During his childhood, Spike watched every cowboy T.V. show there was and even practiced tripping his horse while running to emulate the stunts he saw in the Hollywood Westerns. But that was as close to glitz that he ever got, as his cowboy life in adulthood was more humbly grounded and going “full tilt” in the mountains without a camera or an audience anywhere nearby. That suited him best.

Spike performed some of the most interesting and rugged cowboy horse stunts on the job, often through badger holes, boulders, inclement weather, and with mountain lions stalking him. Most people who knew of Spike, thought of him as the “Man from Snowy River” who could ride a horse down a steep mountainside and bring in a herd of wild horses when nobody else could…by himself. That imagery of Spike is a great representation of his larger than life and movie stuntman skills that were always toned down by his unpretentious approach to getting the job done. Up until the last year of his life, if another rancher had a bull they couldn’t bring in, they’d call Spike and he would go get the bugger.

Through the years, Spike broke hundreds of horses. He preferred to do any ranch work he could horseback, even when there were trendy automated ways available that had replaced the old methods. He saddled up to move cattle, rope for brandings, doctor critters, pack salt and check fences. Spike also broke teams to stack hay and, in the winter, haul wagonloads of hay to cattle. Spike would make treks into Butte Creek on horseback before the spring thaw, rather than use a snowmobile. He could get most horses to do what he needed done, from closing gates horseback to chasing and roping anything challenging that crossed their path while on the job. He always had great horses and kept them neatly shod, even when he was battling cancer.

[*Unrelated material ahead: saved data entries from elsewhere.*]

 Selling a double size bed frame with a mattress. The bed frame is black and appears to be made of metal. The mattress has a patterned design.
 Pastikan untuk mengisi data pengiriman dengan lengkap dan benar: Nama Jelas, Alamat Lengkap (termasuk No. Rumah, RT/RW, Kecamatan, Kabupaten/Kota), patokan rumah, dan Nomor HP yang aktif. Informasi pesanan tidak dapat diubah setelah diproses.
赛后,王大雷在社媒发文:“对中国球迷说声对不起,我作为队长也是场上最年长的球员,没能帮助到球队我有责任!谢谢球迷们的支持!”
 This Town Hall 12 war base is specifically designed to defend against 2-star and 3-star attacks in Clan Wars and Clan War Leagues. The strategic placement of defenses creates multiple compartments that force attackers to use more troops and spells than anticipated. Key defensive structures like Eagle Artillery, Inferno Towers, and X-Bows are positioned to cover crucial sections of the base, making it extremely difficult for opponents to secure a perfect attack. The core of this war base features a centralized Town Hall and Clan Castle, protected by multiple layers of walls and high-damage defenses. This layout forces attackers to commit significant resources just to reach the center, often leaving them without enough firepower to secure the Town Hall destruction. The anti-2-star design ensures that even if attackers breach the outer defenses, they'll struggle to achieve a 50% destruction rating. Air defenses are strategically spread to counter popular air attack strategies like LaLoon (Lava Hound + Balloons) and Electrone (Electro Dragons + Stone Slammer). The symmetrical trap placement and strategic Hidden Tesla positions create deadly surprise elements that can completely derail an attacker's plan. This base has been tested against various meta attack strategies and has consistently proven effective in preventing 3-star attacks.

Spike and his dogs had a solid partnership and saved each other many times from charging cows, porcupine disasters, swampy ground or thick brush situations. They were all together fighting a bull that stuck its head under Spike’s horse’s hind end and wheelbarrowed him down the hill before burying his dog in a snowbank. Spike thanked the dog for the rescue by in turn roping the bull to rescue the dog. There was a sword fight on one occasion where a one horned cow went to war with both cowboy and dog, intermittently, in a jousting style event. That particular cow may have won the battle that day. There is a story about his young cow dog needing a rope rescue after falling into a raging Sheep Creek while chasing cows, and another where his horse got tired of an ornery bull and helped him out by whirling around and kicking it squarely between the eyes to get its attention. There were lots of great battle stories from all the years combined that were complemented by top performing horses and dogs.

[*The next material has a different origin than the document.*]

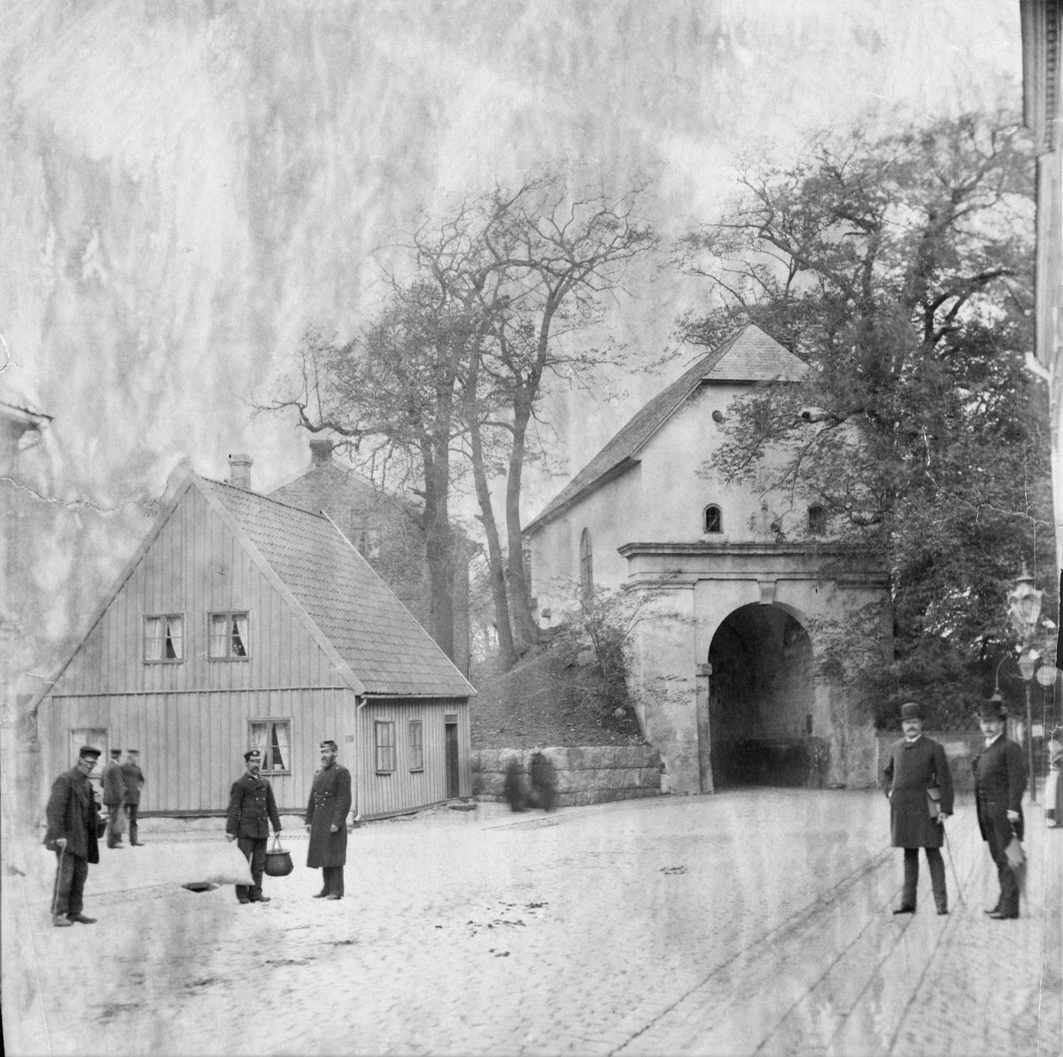 Gatubild vid Norre Port i Halmstad, sedd från Storgatan. Flera män i olika munderingar står längs vägen, vända mot fotografen. Den norra stadsporten ingick i det befästa Halmstad och stod klar 1601, alltså under danskt styre. Dess sneda vinkel gentemot Storgatan lär ha funktionen att förhindra beskjutning in mot staden. Varje natt stängdes alla stadsportarna till skydd åt invånarna.
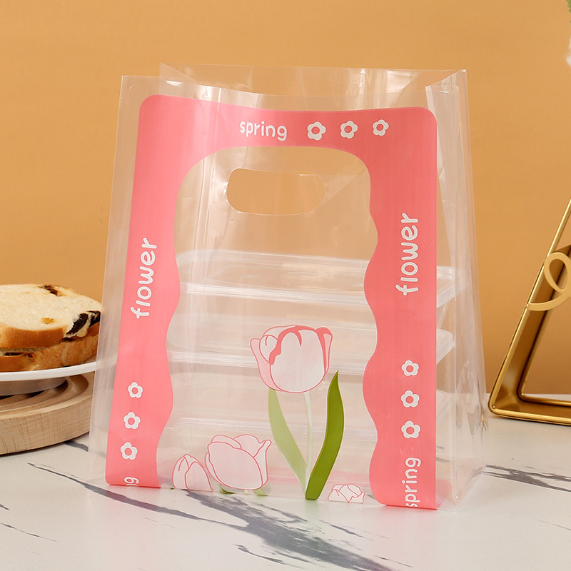 작은 신선한 튤립 디저트 토트 두꺼운 테이크 아웃 포장 가방 투명 비닐 봉투 큰 선물 가방 샐러드스토어 가기

Spike worked with mules for both roping and driving. He discovered that mules can be very hard mouthed to drive when the mule team he and his dad were driving stampeded and dragged an old wagon mercilessly across the countryside. The two cowboys ended up putting their boots through the floorboards of the wagon in an attempt to stop the chaos, and both men were running on the ground at times in a process they described as operating a Flintstones vehicle. Spike got bucked off in the middle of creeks, bucked down the entire length of the four-foot calving shed alleyway, and through an entire section of lodgepole pines. He rode that one.

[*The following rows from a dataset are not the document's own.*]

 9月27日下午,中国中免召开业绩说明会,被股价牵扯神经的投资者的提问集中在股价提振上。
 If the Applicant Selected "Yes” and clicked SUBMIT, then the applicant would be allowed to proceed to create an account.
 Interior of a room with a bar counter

Through all his years as a working cowboy, Spike was a dedicated family man. He brought the kids to the cow camp to move cows and share his way of life. If he ever needed a sitter to watch over them so he could go do some real cowboying, there was always an older cow dog who fulfilled that role. Spike provided much entertainment for the family with his agility skills in being able to get away… from charging cows. He could run, trip, flip a somersault, and still be running when he came back up to successfully head off a horse, when needed. He danced like a gentleman cowboy with his wife and daughters, taught his grandkids how to ride, traded horses regularly with his neighbors, and as a reminder of his time as a Montana cowboy, left fences, loading chutes, barns, friends, and stories everywhere he worked.